◆ PROBLEM DESCRIPTION ◆
Exclude the pictures, then restate exactly each line of the data below from the first through the line containing "Что касается отделки".

◆ SUPPLIED INFORMATION ◆
>>>>

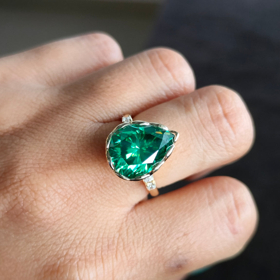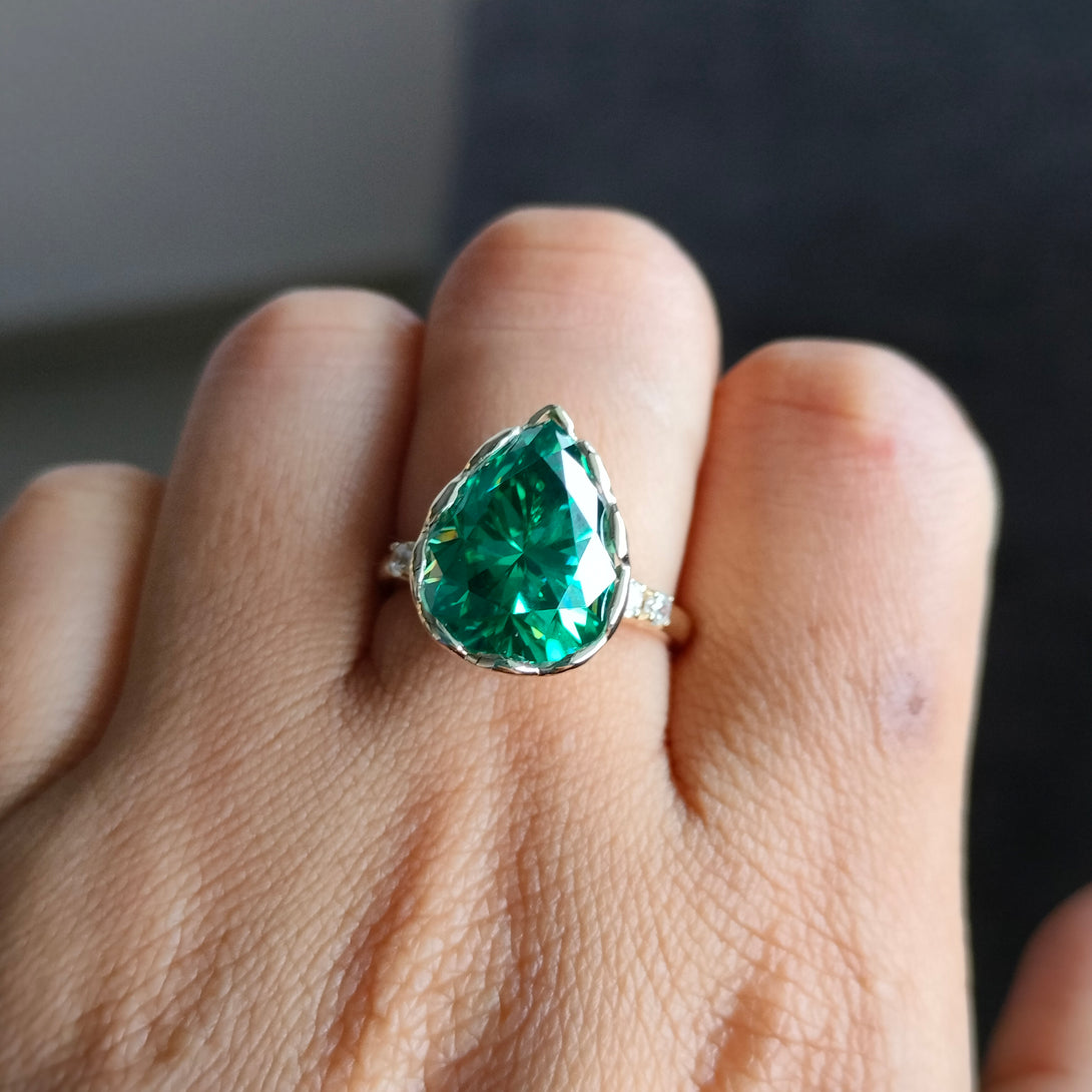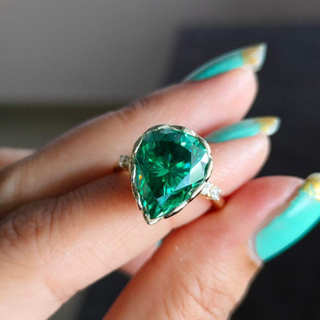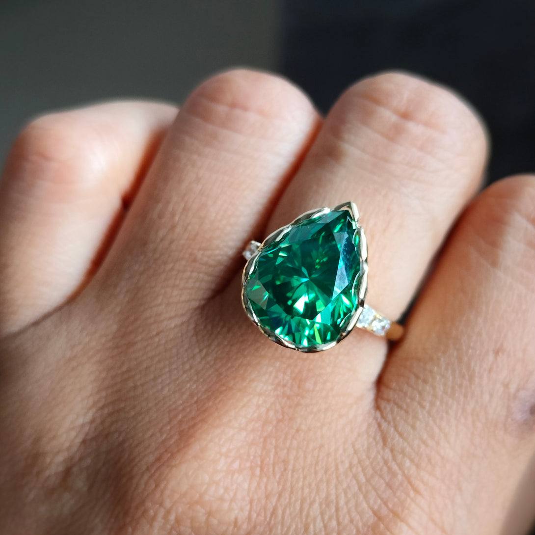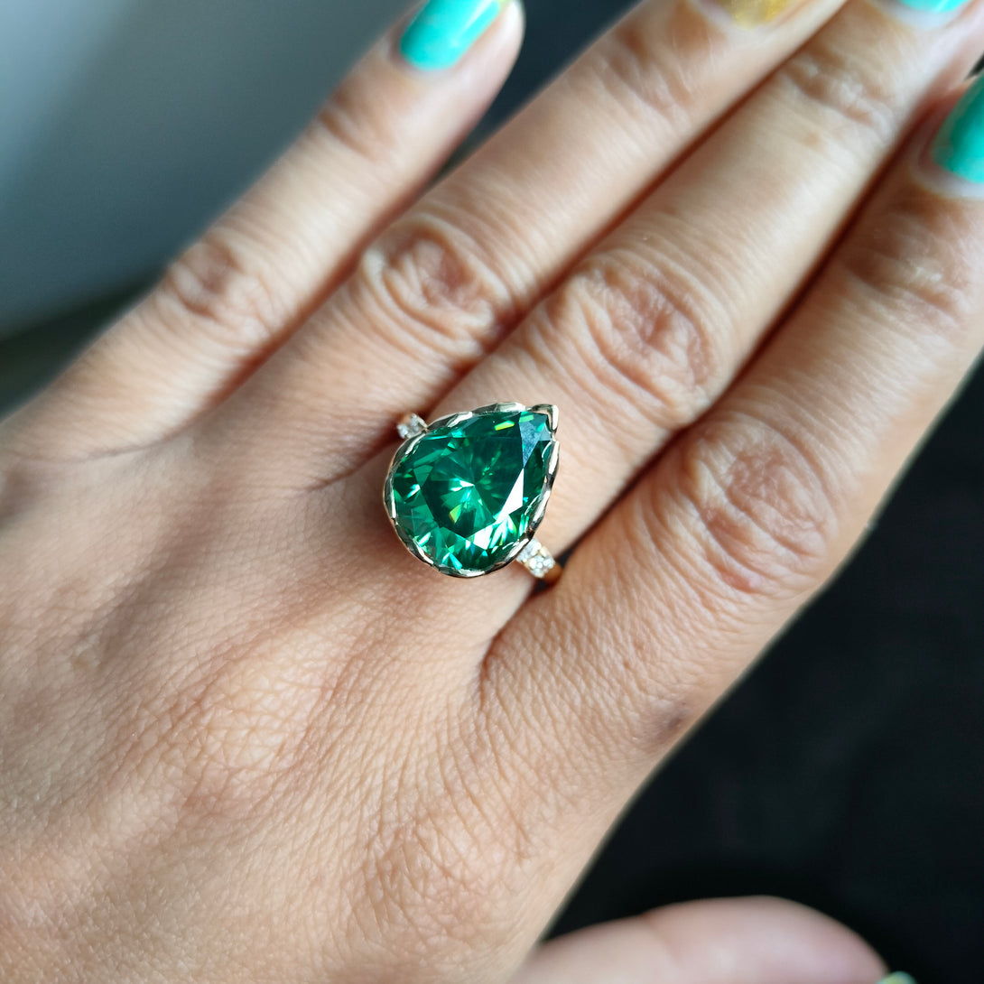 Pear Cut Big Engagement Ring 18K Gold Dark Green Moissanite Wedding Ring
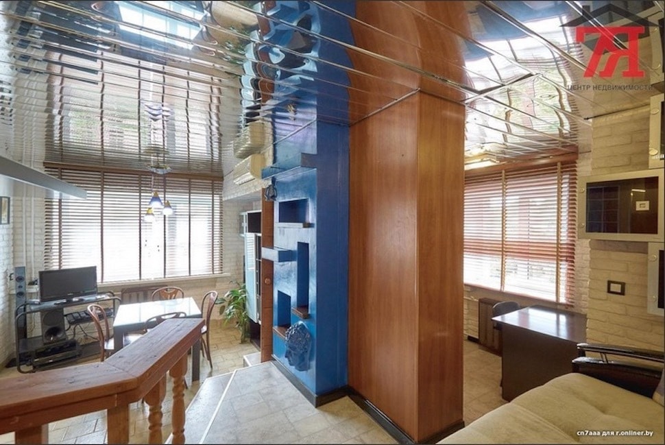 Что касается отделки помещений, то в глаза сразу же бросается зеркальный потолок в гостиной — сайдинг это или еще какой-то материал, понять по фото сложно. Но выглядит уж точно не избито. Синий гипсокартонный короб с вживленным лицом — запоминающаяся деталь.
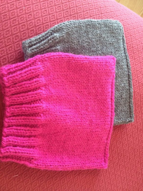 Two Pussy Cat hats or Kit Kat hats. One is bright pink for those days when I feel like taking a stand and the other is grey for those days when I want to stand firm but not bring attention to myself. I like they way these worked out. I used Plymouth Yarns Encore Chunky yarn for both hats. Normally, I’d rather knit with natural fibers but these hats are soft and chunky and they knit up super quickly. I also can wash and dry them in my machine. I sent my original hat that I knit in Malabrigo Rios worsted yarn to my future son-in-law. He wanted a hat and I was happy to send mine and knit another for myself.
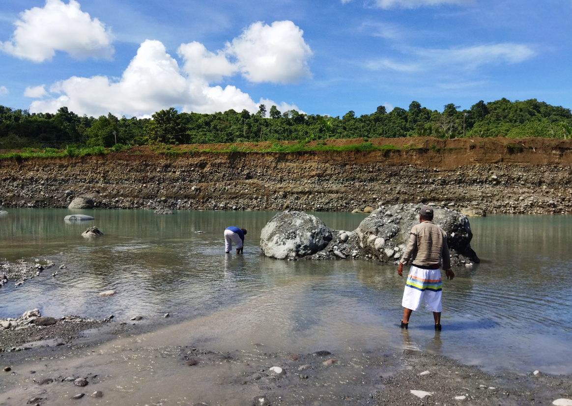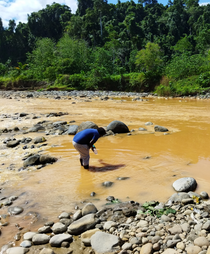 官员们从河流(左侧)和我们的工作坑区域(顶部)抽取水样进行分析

<<<<

◆ RESULT OF THE EXERCISE ◆
 Pear Cut Big Engagement Ring 18K Gold Dark Green Moissanite Wedding Ring
 Что касается отделки помещений, то в глаза сразу же бросается зеркальный потолок в гостиной — сайдинг это или еще какой-то материал, понять по фото сложно. Но выглядит уж точно не избито. Синий гипсокартонный короб с вживленным лицом — запоминающаяся деталь.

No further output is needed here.